Global Feature Importance

# Permutation importance (model-agnostic)
perm_imp = permutation_importance(model, X_test, y_test, n_repeats=10, random_state=42)

importance_df = pd.DataFrame({
    'feature': X_test.columns,
    'importance_mean': perm_imp.importances_mean,
    'importance_std': perm_imp.importances_std
}).sort_values('importance_mean', ascending=False)

print("Permutation Feature Importance:")
print(importance_df.to_string(index=False))

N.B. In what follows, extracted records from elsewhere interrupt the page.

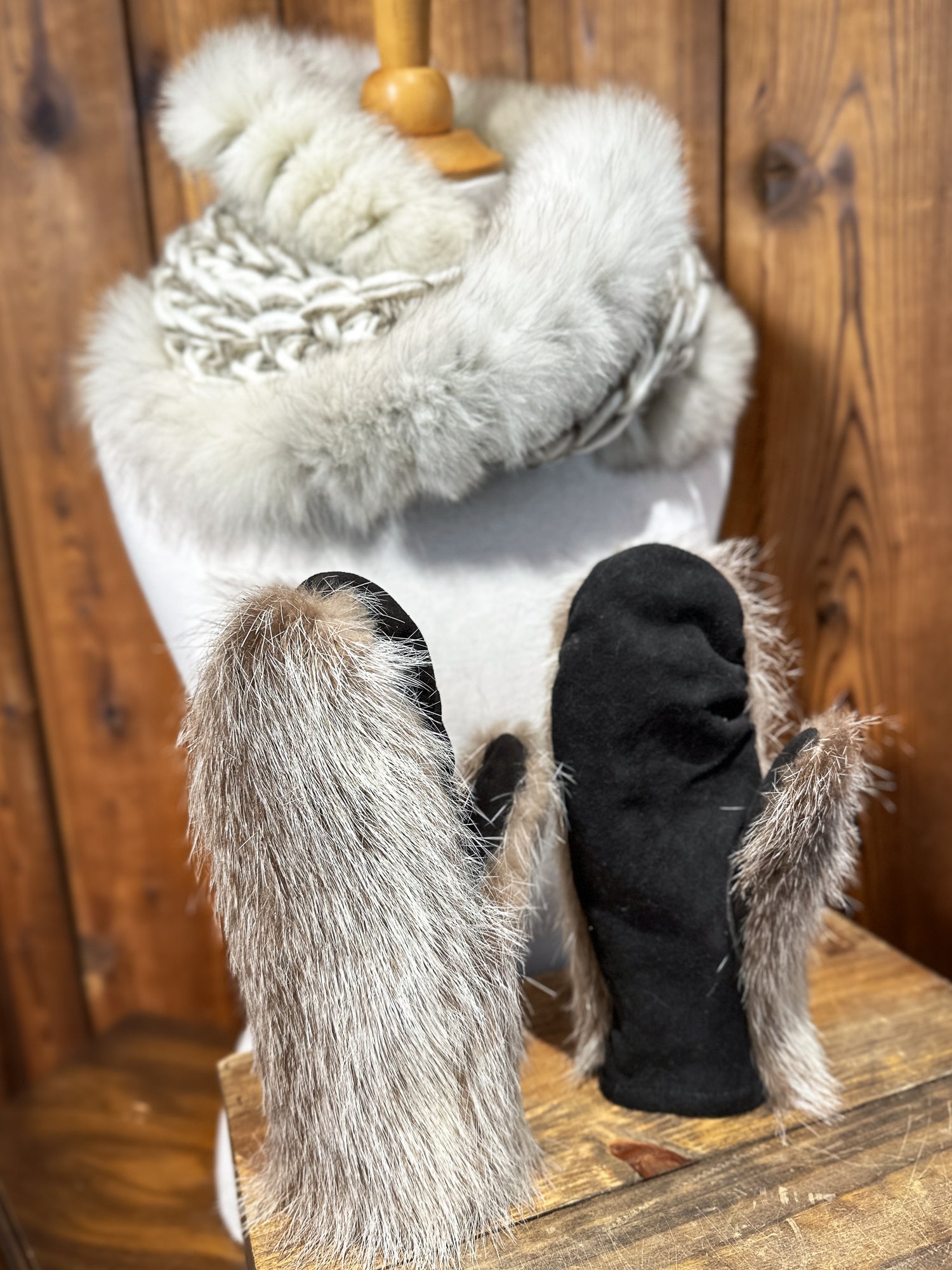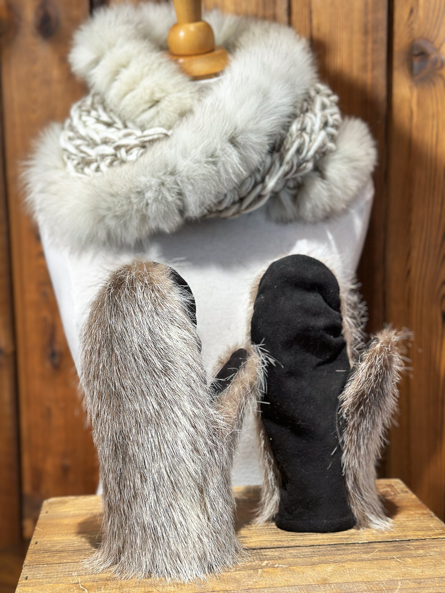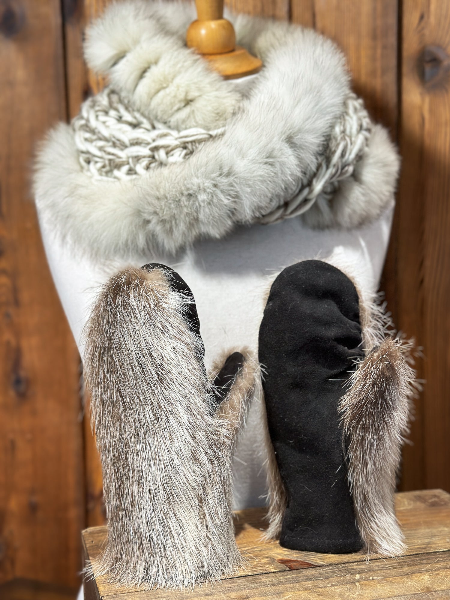 Ensemble Foulard beige et taupe avec fourrure recyclée et mitaines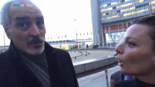 TRT WORLD Muhabiri gerginliği azaltma bölgelerine neden saldırıyorsunuz diye sordu, korumalar müdahele etti.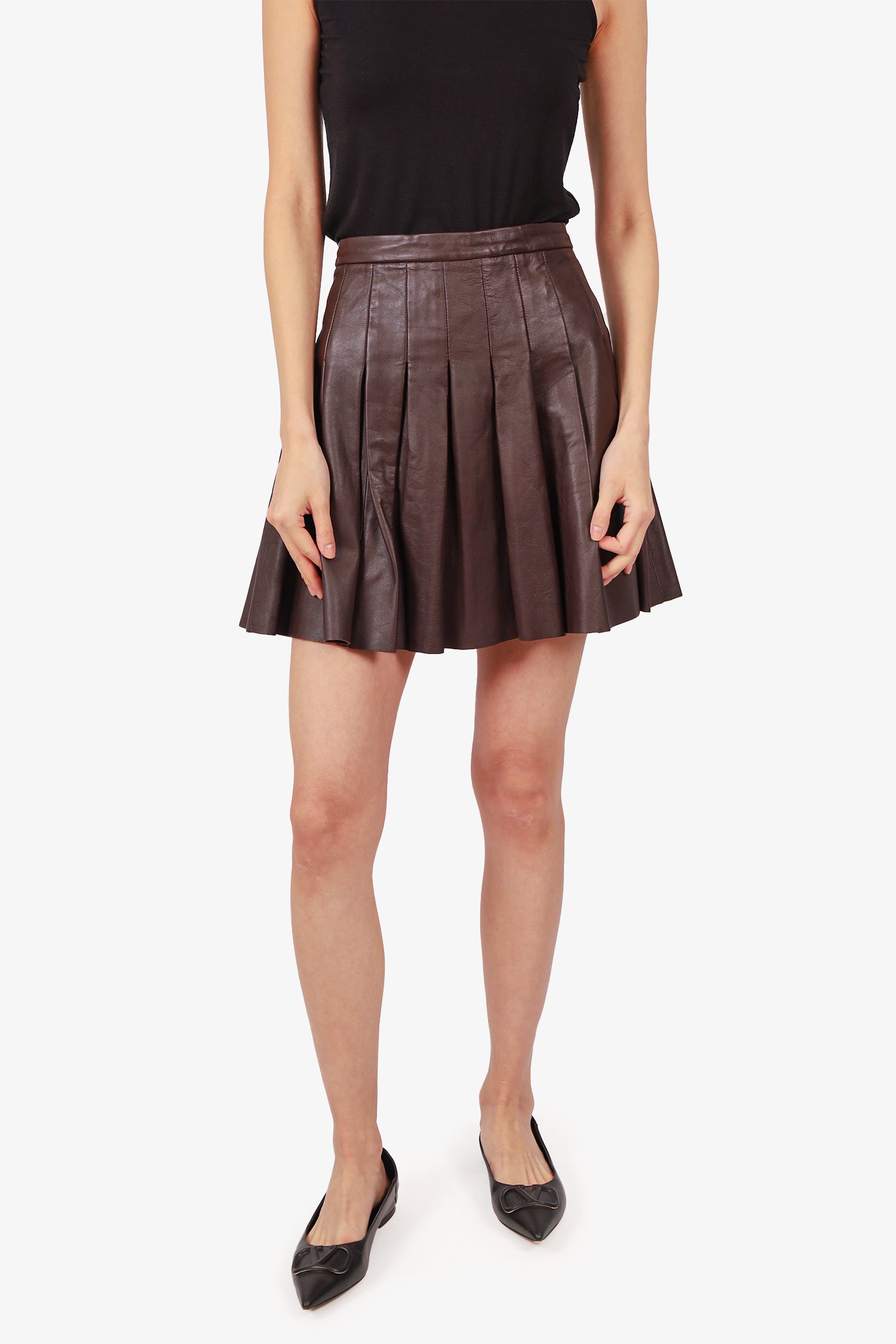 Refresh availabilityAllSaints Brown Leather Pleated Mini Skirt. Slip-on. Rear zip closure. Bottom raw hem. Lined interior. Silver-tone hardware. Tonal stitching.

# Tree-specific importance
tree_imp = pd.Series(model.feature_importances_, index=X_test.columns).sort_values(ascending=False)
print("\nTree-based Feature Importance:")
print(tree_imp)

Counterfactual Explanations

def generate_counterfactual(model, instance, target_class, X_train, n_iterations=1000, learning_rate=0.1):
    """Generate counterfactual explanation: minimal change to flip prediction."""
    instance = instance.copy()
    original_pred = model.predict_proba(instance.values.reshape(1, -1))[0, target_class]
    
    # Start from instance
    cf = instance.values.copy()
    
    for _ in range(n_iterations):
        # Add small perturbation
        gradient = np.random.randn(*cf.shape) * 0.1
        
        # Only change features that move toward target
        candidate = cf + gradient
        new_pred = model.predict_proba(candidate.reshape(1, -1))[0, target_class]
        
        if new_pred > original_pred:
            cf = candidate
            original_pred = new_pred
    
    cf_instance = pd.Series(cf, index=instance.index)
    
    # What changed?
    changes = cf_instance - instance
    changed_features = changes[changes.abs() > 0.01]
    
    return cf_instance, changed_features

# Generate counterfactual for a denied application
denied_idx = X_test[X_test.apply(lambda row: model.predict_proba(row.values.reshape(1,-1))[0,1] < 0.5, axis=1)].index[0]
instance = X_test.loc[denied_idx]

cf, changes = generate_counterfactual(model, instance, target_class=1, X_train=X_train)
print(f"Original prediction: {model.predict_proba(instance.values.reshape(1,-1))[0,1]:.4f}")
print(f"Counterfactual prediction: {model.predict_proba(cf.values.reshape(1,-1))[0,1]:.4f}")
print(f"\nChanges needed:")
for feat, change in changes.items():
    print(f"  {feat}: {instance[feat]:.2f} → {cf[feat]:.2f}")

Model Cards

def create_model_card(model, X_test, y_test, model_name="Credit Scoring Model"):
    """Generate a model card for documentation."""
    y_pred = model.predict(X_test)
    y_prob = model.predict_proba(X_test)[:, 1]
    
    from sklearn.metrics import (
        accuracy_score, precision_score, recall_score, 
        f1_score, roc_auc_score, confusion_matrix
    )
    
    cm = confusion_matrix(y_test, y_pred)
    tn, fp, fn, tp = cm.ravel()
    
    card = f"""
# Model Card: {model_name}

## Model Details
- Type: {type(model).__name__}
- Features: {X_test.shape[1]}
- Training samples: Not specified

## Performance Metrics
- Accuracy: {accuracy_score(y_test, y_pred):.4f}
- Precision: {precision_score(y_test, y_pred):.4f}
- Recall: {recall_score(y_test, y_pred):.4f}
- F1 Score: {f1_score(y_test, y_pred):.4f}
- ROC-AUC: {roc_auc_score(y_test, y_prob):.4f}

## Confusion Matrix
- True Negatives: {tn}
- False Positives: {fp}
- False Negatives: {fn}
- True Positives: {tp}

## Fairness Considerations
- [ ] Tested across demographic groups
- [ ] No disparate impact detected
- [ ] Regular monitoring plan in place

## Limitations
- Model trained on historical data
- May not generalize to population shifts
- Requires periodic retraining

## Ethical Considerations
- Used for credit decisions
- Applicants can request explanation
- Human review available for edge cases
"""
    print(card)
    return card

card = create_model_card(model, X_test, y_test)

Best Practices

SHAP for global and local – the gold standard for tree models
LIME for model-agnostic – works with any model
Counterfactuals for actionability – tells users what to change
Partial dependence plots – show feature-response relationships
Document with model cards – transparency and accountability
Combine methods – no single explanation tells the whole story

Summary

Explainable AI builds trust and meets regulatory requirements. SHAP provides theoretically grounded explanations, LIME offers local approximations, and counterfactuals show actionable changes. Master these techniques to deploy models that are both accurate and transparent.